Authentic interactions with people at work generally are better for everybody
if you are in an environment that is compatible with that. Many environments
are not so you have to be more reserved and strategic about what you say and
how you interact with people. Being authentic with people outside of work is
not terrible advice. Allowing people to know you are having some emotion such
as happiness or fear or sadness allows people become closer to you and you to
them. Mr Rogers talked a lot about that—expressing how you feel about things.
I think many people misconstrue mr Rogers to be all about the “you are
special” thing. But his target demographic was kids who likely were not that
well off and had not great family lives. Having somebody who tells you that
you are not a piece of trash probably helped a lot of kids.

------
crispyambulance
I got to meet him at an art opening back in the 90's. The accounts of him as a
genuine nice guy, I feel, are accurate.

As far as appearance goes he was definitely more urbane than his sweater-
wearing persona on the TV show would suggest. Of course he was a sophisticated
creative person in an environment with adults.
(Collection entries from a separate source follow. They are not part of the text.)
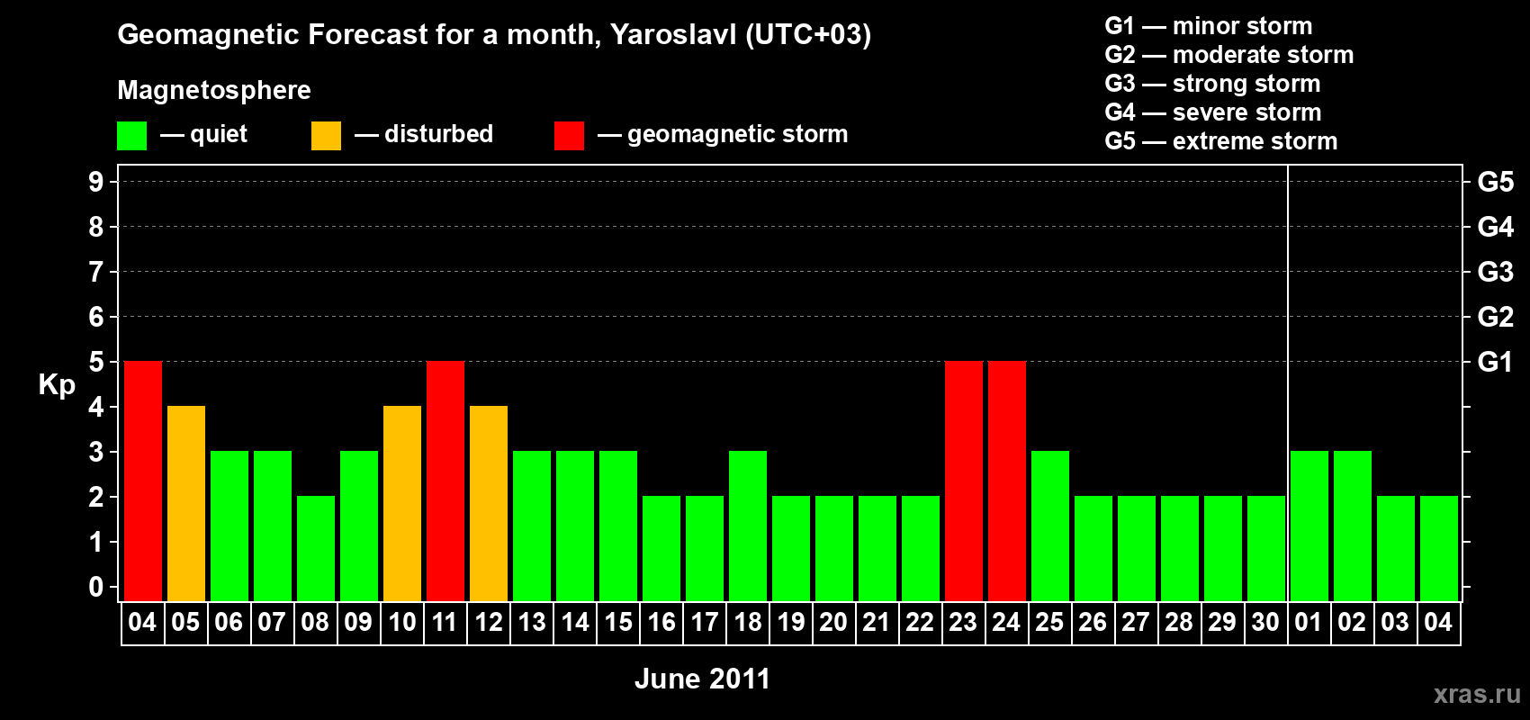 Geomagnetic storm forecast in Yaroslavl for Jun 04, 2011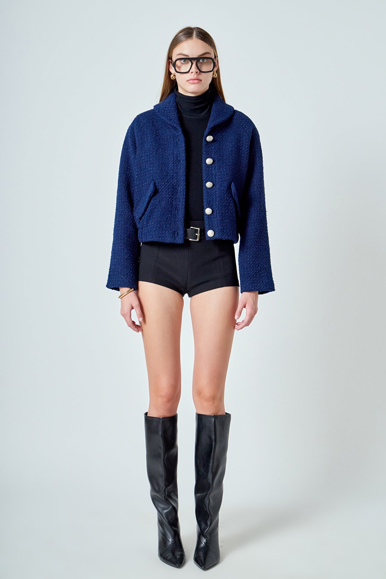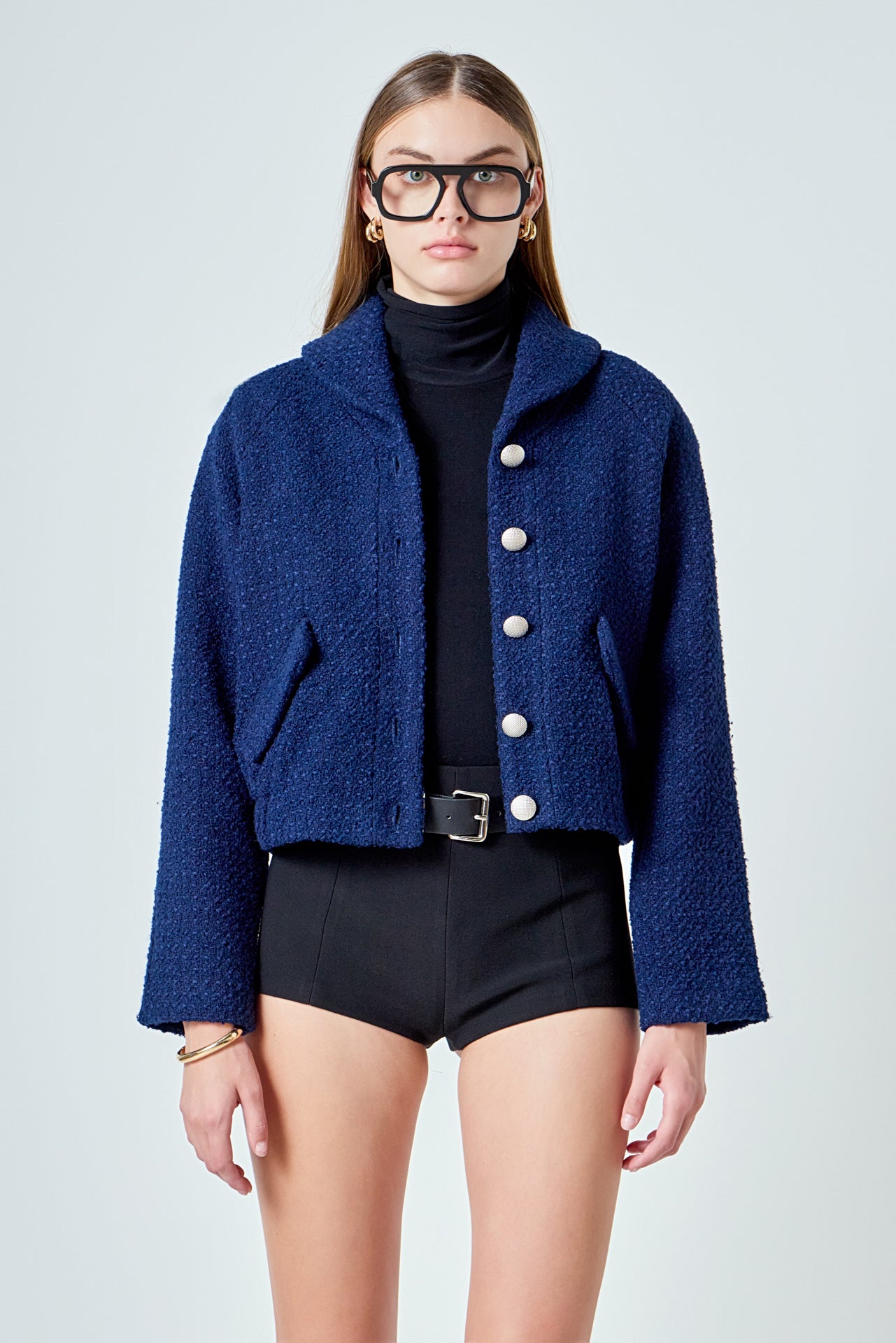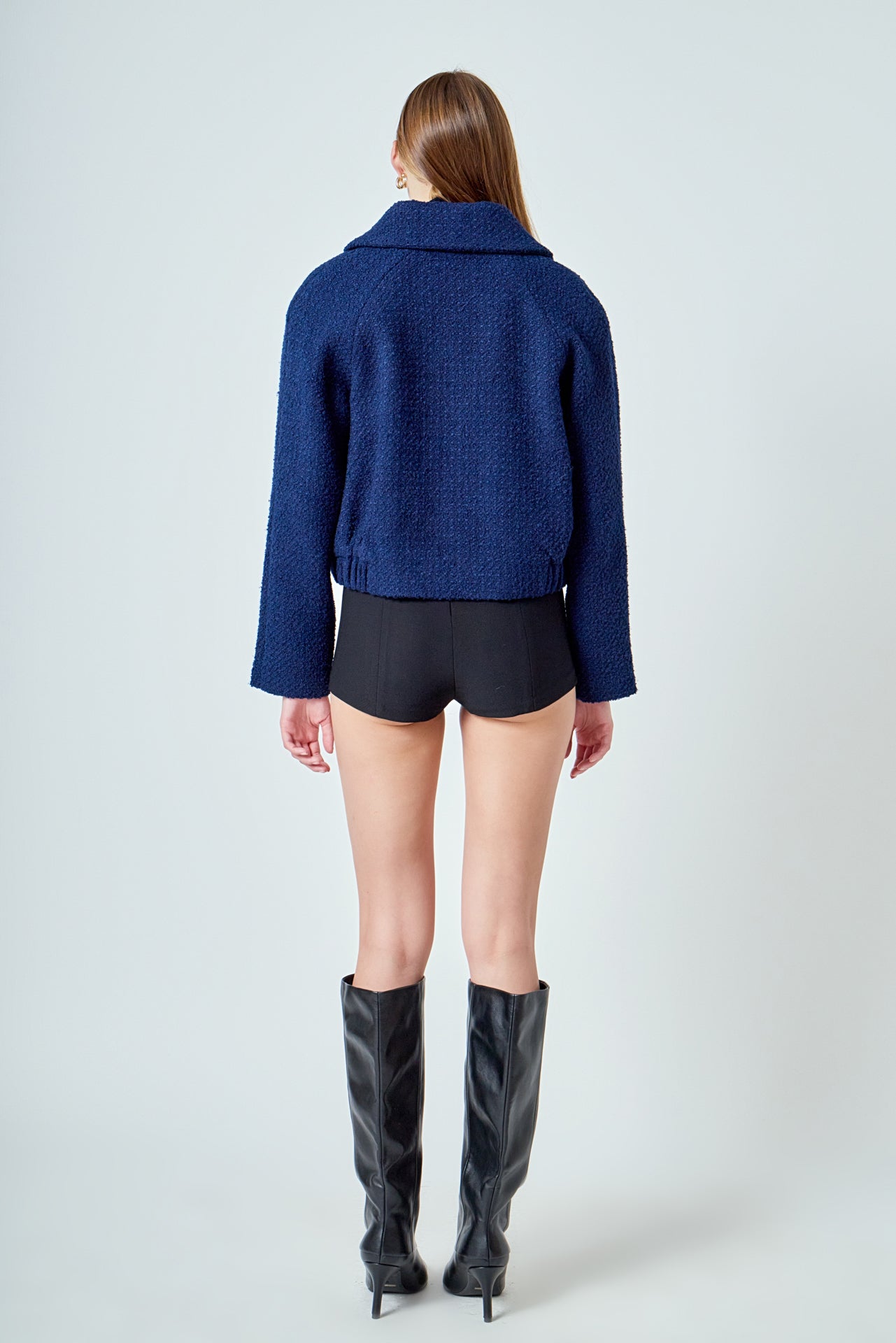 Boucle Tweed Buttoned Bomber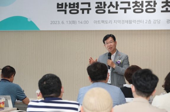 [제주교통복지신문 김강석 기자] 박병규 광산구청장이 13일 지역경제활력센터에서 광산구 노인의료복지시설 연합회를 대상으로 민선8기 주요 구정 비전을 공유하고 소통하는 시간을 가졌다.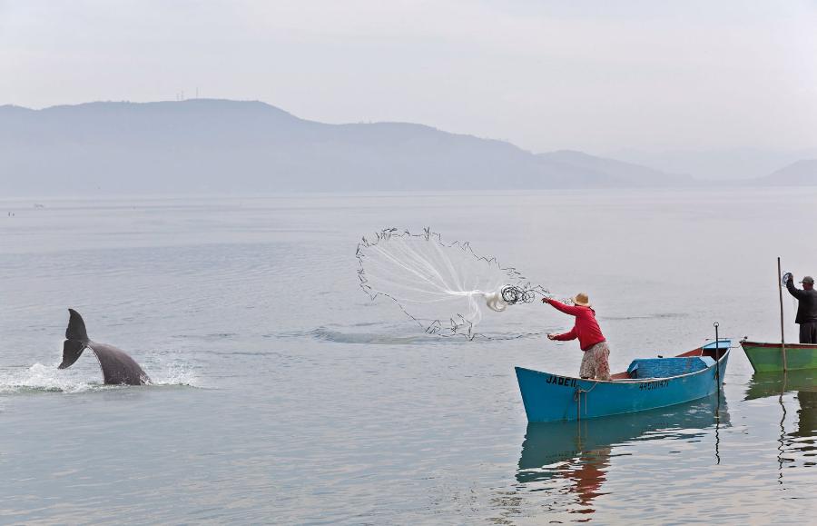 Brazylijskie połowy z butlonosami nie różnią się znacząco od tych z oreczkami. Wspólnie poluje się przeważnie na cefale pospolite. Sieci zarzucane są głównie z brzegu – dzięki temu ludzie łapią większe ryby, a sieci rozbijają ławice, co ułatwia delfinom chwytanie ofiar. Ta współpraca sprawia, że efektywność połowu zwiększa się nawet siedmiokrotnie – bez pomocy butlonosów ludzie zarzucaliby sieci w przypadkowe miejsca. Pomoc polega na tym, że delfiny sygnalizują rybakom, gdzie i kiedy warto umieścić sieć poprzez... skinienie głową. Zwierzęta wystawiają głowę nad wodę i uderzają o jej powierzchnię, zginając szyję.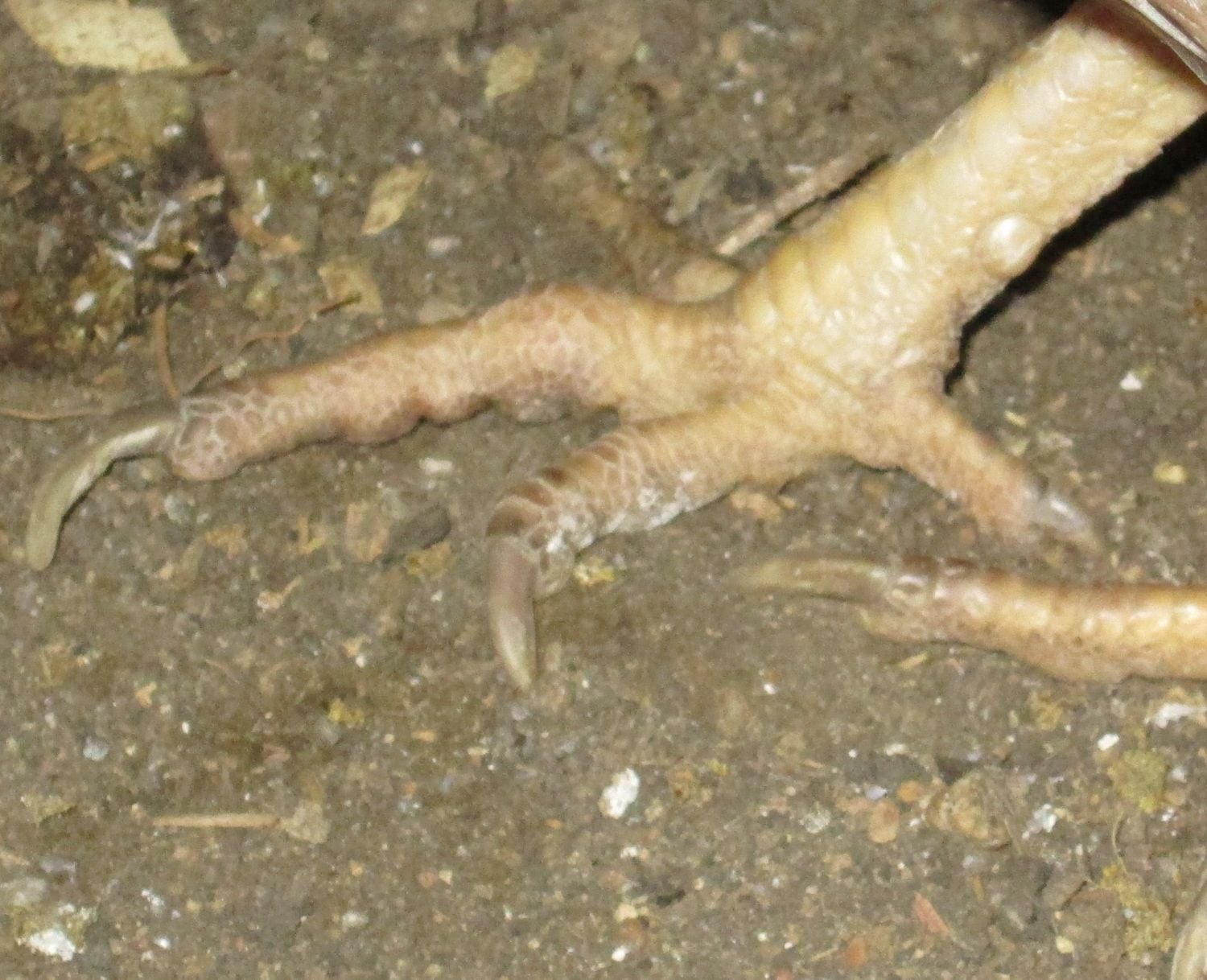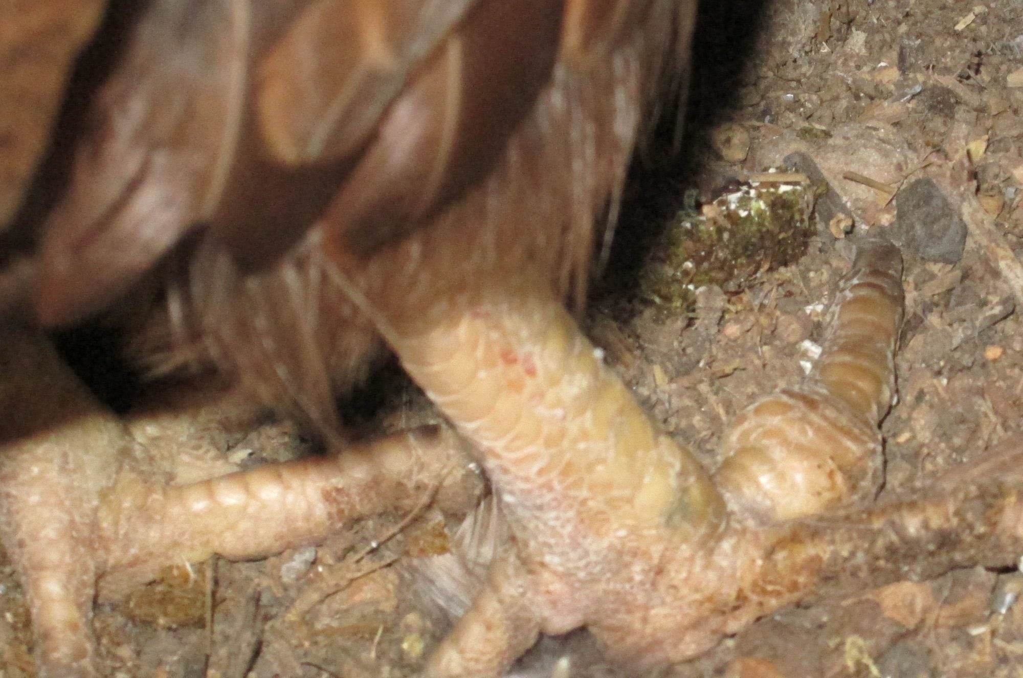 - I read up on Bumblefoot, but that seems like it's more on the top/external of the toe and not the bottom of the foot. I will still be checking the bottom for any scab today. I also read about scaly leg mites, but her legs and feet don't look raised or crusty.

Meanwhile, we were all silently
channeling our innermost 5-year-old selves (he probably knew that and was used
to it)!

------
extralego
Incase anyone hasn’t seen this video of him presenting before the senate
committee in 1969, in support of national public television.

[https://m.youtube.com/watch?v=fKy7ljRr0AA](https://m.youtube.com/watch?v=fKy7ljRr0AA)

------
quantisan
tl;dr the author had a one-time encounter with Mr. Rogers when the author was
soliciting donations for his little league. Mr. Rogers was as empathetic as he
was portrayed on his shows. That erased any previous doubt that the author had
regarding Mr. Rogers' authenticity.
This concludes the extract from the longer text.